Em entrevista exclusiva à 89 FM nesta terça-feira, dia 12, pela primeira vez Carlos Kila falou sobre Rogério Zimmermann. Sem confirmar o acerto com o novo treinador, o dirigente evidenciou que as características do profissional estão em sintonia com a nova forma de jogador do Joinville.

Vamos começar do zero, teremos um novo enfoque. Com o orçamento ainda mais apertado, vamos buscar fazer um time com alguns jogadores mais competitivos, de uma força um pouco maior.

Com a reapresentação marcada para a próxima quinta-feira, dia 14, Kila assumiu o contato com o técnico e espera definir o novo comandante ainda nesta semana. Segundo o executivo, Rogério Zimmermann possui o perfil que o JEC está procurando no mercado.
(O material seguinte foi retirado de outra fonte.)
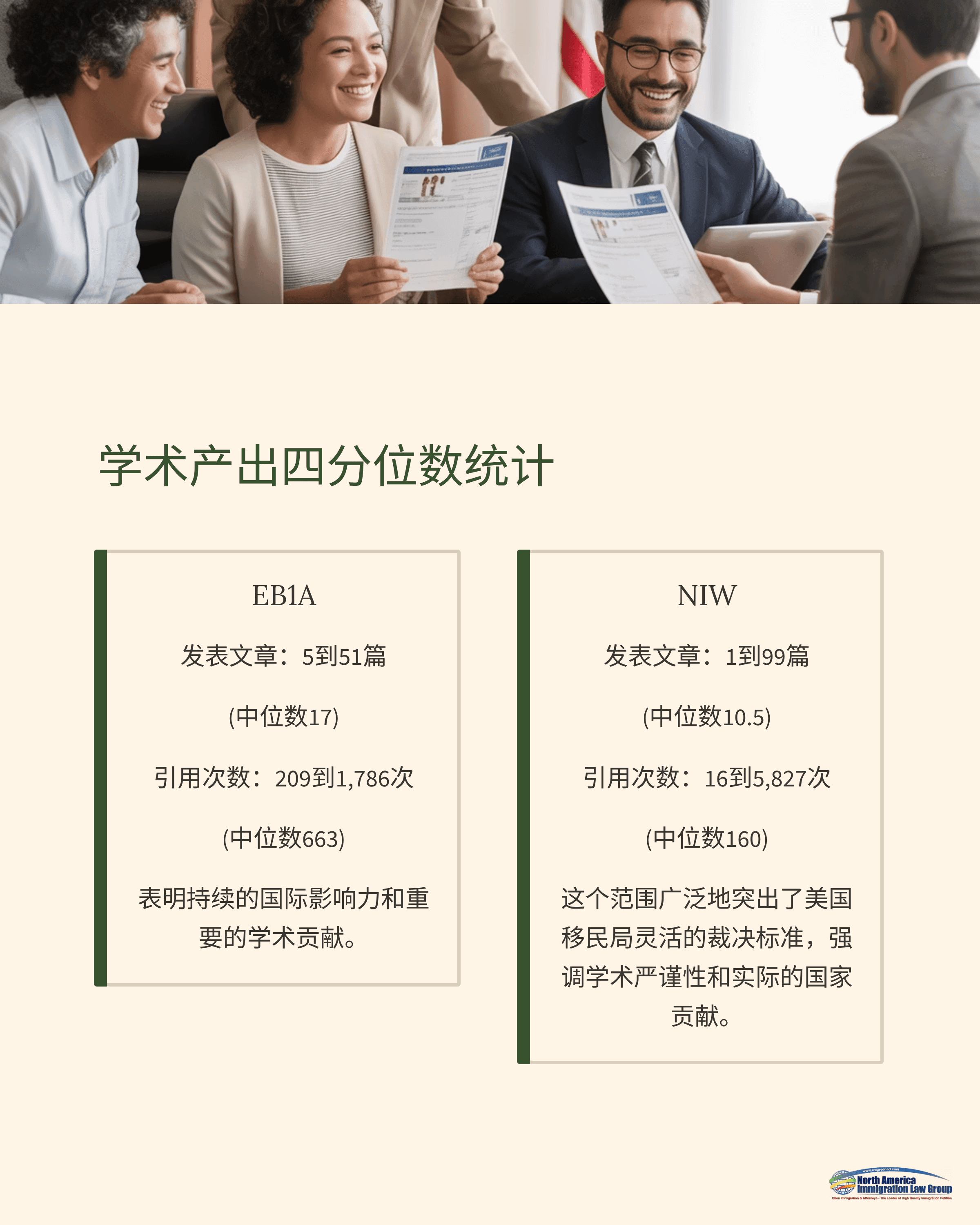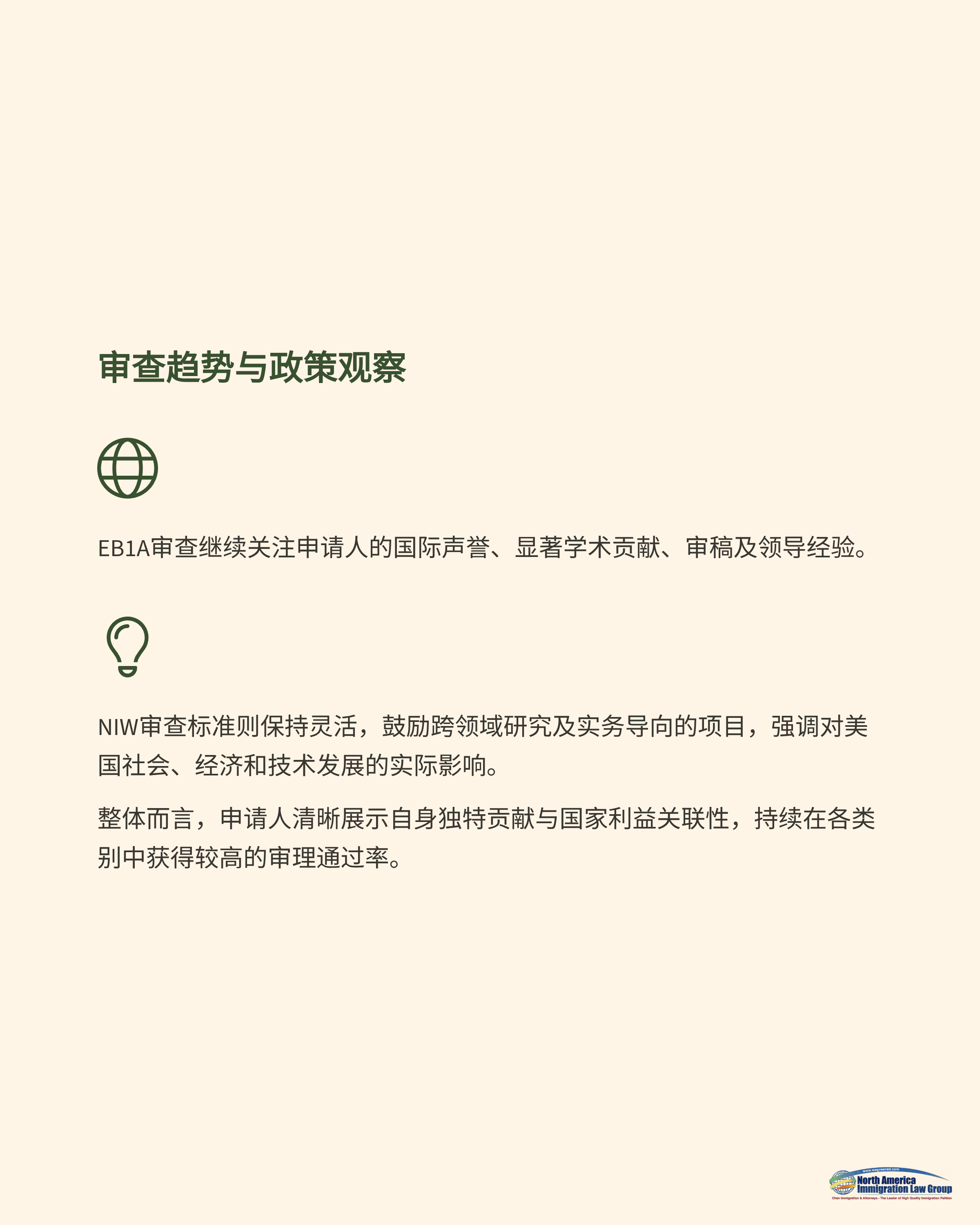 EB1A审查继续关注申请人的国际声誉、显著学术贡献、审稿及领导经验。NIW审查标准则保持灵活,鼓励跨领域研究及实务导向的项目,强调对美国社会、经济和技术发展的实际影响。

Trabalhei oito anos e meio com o Rogério, conheço bem a forma como ele trabalha. Ele é um vencedor, tem uma ótima gestão de grupo, faz o time jogar com um bom padrão e consegue buscar o resultado sem jogadores de tanta expressão.

A gente tem um contato com ele e podemos tomar a decisão quanto ao novo treinador até o final da tarde de hoje. Temos que aproveitar essa chance. Nem sempre o mercado te dá a oportunidade de fechar com um técnico disponível para o seu modelo de jogo.